The invention discloses a method for realizing a file system layout, which comprises the following steps

Traversing the vset array to obtain a two-dimensional array related to the correlation degree and the hit times of the disks;

constructing topo according to the disk association trend reflected by the two-dimensional array;

and filling all physical disks in the disk pool into the topo to complete the creation.

The method of the invention creates a new disk set by increasing the disk association degree to realize the layout of the file system. Under the condition that a plurality of disk pools exist, the construction of the set is actually the superposition of the construction results of all the disk pools, so that a reasonable set construction algorithm only needs to be provided for a single disk pool.

The invention constructs a set in a disk pool to achieve the following three aims:

the physical disks in the disk pool are covered evenly;

to ensure that vset node redundancy is as high as possible;

any one physical disk in the disk pool should be associated with all other physical disks in the disk pool as uniformly as possible (constituting vset).
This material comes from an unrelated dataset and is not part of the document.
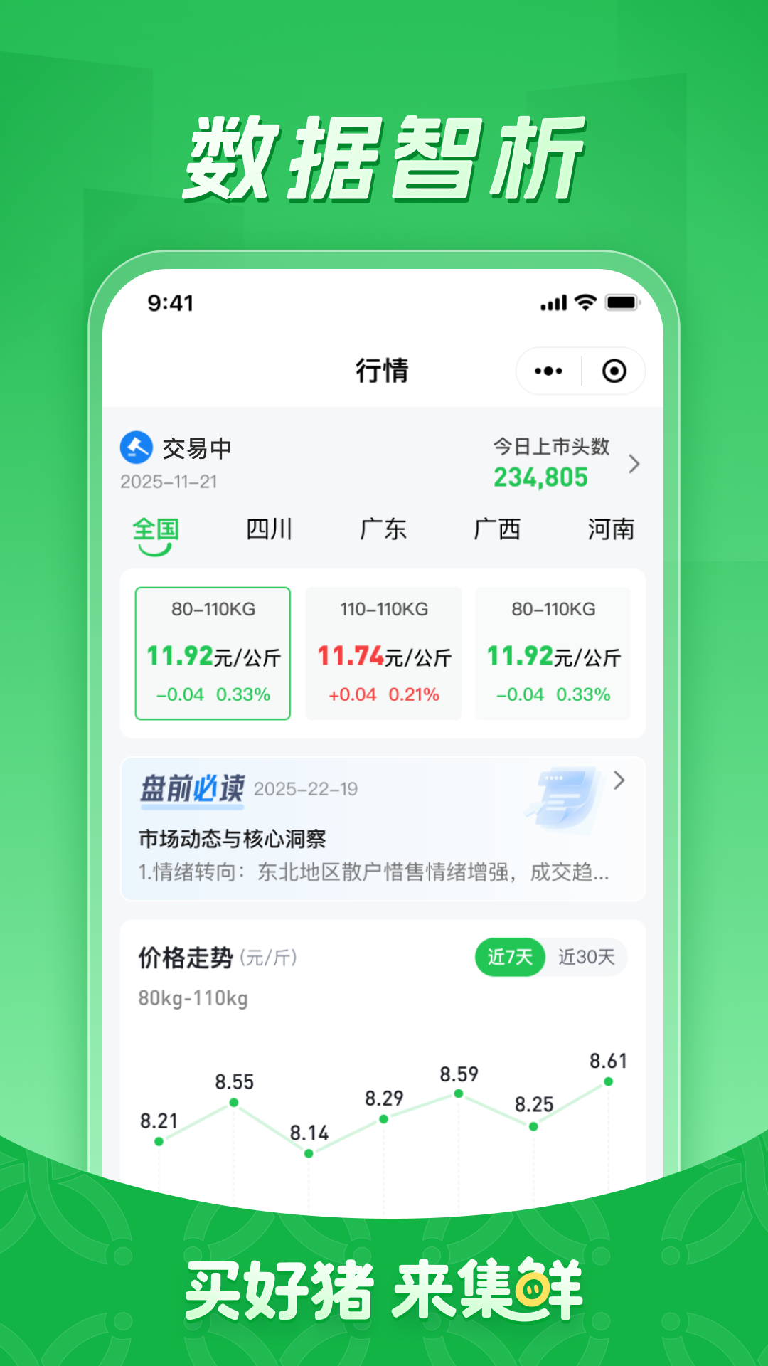 集鲜采猪app是一款专业的生猪交易服务平台,专注于为屠宰企业、贸易商及养殖户提供源头直采、在线竞价与行情分析的一站式解决方案。平台基于地理位置推荐附近资源,支持多种交易模式,并提供检疫证明、车辆洗消检测等合规保障。实时更新全国及各省份生猪行情,通过可视化图表清晰呈现价格走势与市场动态,助力从业者高效决策、安全交易。
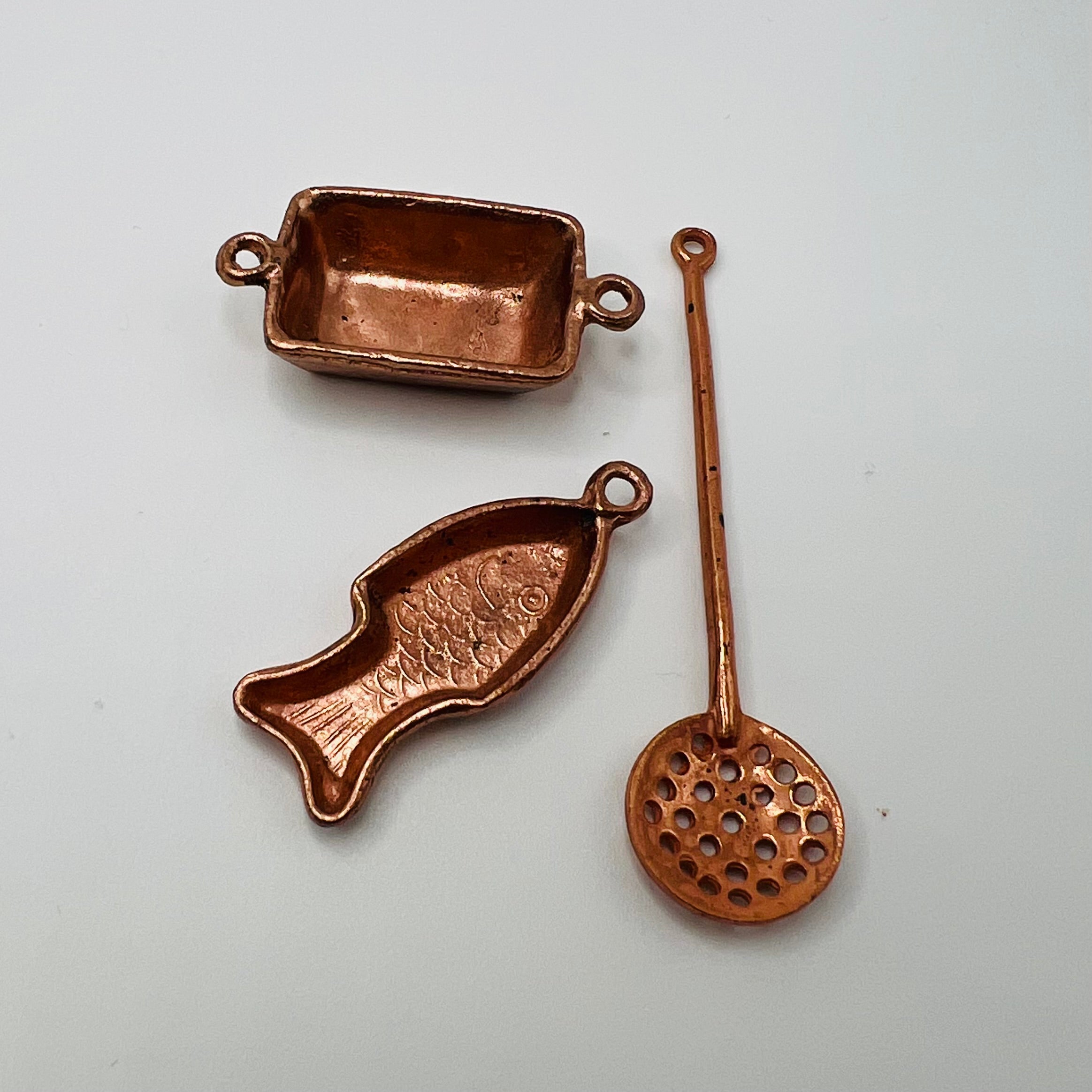 8 separate sets of brass/copper/cast iron kitchen utensils; all vintage!

To meet these three goals, the disks in the disk pool need to be covered many times, especially when the number of disks in the disk pool is large. But directly creating a complete large set requires the system to create a large number of logical disks for each physical disk from the beginning, which is obviously undesirable; the set construction scheme first specifies the following three-point rules:

continuously constructing small sets and continuously fusing the small sets into a large set, so that the large set finally meets the conditions;

each small set is constructed to ensure that all disks in the disk pool are uniformly covered as much as possible;

the final correlation of all physical disks is ensured by the heterogeneous nature of the small set.

If the disk is large enough, the number of times of constructing the small set is enough, and as long as the small set with uniform coverage is constructed randomly each time, the target requirement can be met theoretically. But since the number of times a small set is actually constructed is not sufficient, human intervention is required to construct the small set.

As shown in fig. 2, a topo structure of a disk pool is substantially as shown in fig. 2-1, and a node chain table is arranged in the horizontal direction and a disk chain table under each node is arranged in the vertical direction; if the topo is directly traversed to construct the vset and the set, namely the topo structure of the disk pool is traversed, the construction mode of a small set is completed by traversing nodes and disks until the disks in the whole topo are all contained, and the constructed small set is not sufficient in heterogeneous structure due to the fact that the topo structure is fixed in the mode, even if translation is introduced into the constructed small set every time, one disk can only be correlated with a plurality of fixed disks when the number of disks in the disk pool is large. However, this simple topo traversal has two advantages:

the constructed small set basically covers all the disks in the disk pool uniformly;

the logical disks in each vset can be distributed at multiple points as much as possible (ensuring maximum node redundancy).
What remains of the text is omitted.